In Postmodern Geographies, Soja explains how geography was often neglected for being
considered to be stilted, empirical, and thoroughly undialectical as opposed to the preferred
focus on time and history. He gives a thorough summary of why space has often been pushed
to the side by the injunction to “always historicize”. In the chapter on the Socio-spatial Dialectic, Soja provides some fascinating viewpoints and directs our attention towards an understanding of why controlling public space is still important in our contemporary age. Political power is not only interested in controlling what goes on at the point of production, in the realm of ideology (and its digital manifestations), but indeed aims to create a built environment conducive to the survival of capitalism. Class struggle, therefore, must include a fight over the production of space and its “territorial structure of exploitation and domination”.
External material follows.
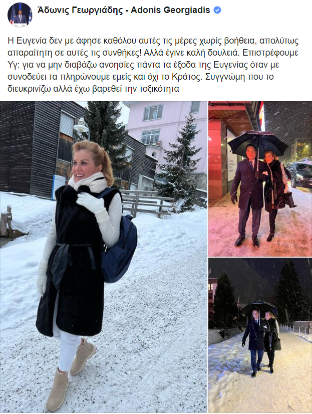 Υγ: για να μην διαβάζω ανοησίες πάντα τα έξοδα της Ευγενίας όταν με συνοδεύει τα πληρώνουμε εμείς και όχι το Κράτος. Συγγνώμη που το διευκρινίζω αλλά έχω βαρεθεί την τοξικότητα» έγραψε ο Άδωνις Γεωργιάδης.

It is not enough that a radical democratic politics have an egalitarian space for all to speak. It must also demand questions over the use of space itself as up for discussion. At the risk of making homologies between space and the economic realm, Marxist Geography works to reminds us that a substantial political demand is one which argues about the means of their production. When thinking about a fight over use of a public square, or the fate of a marginalized urban group, foreign wars, or even our own individual place in everyday life, it is useful to remember its injunction: always territorialize!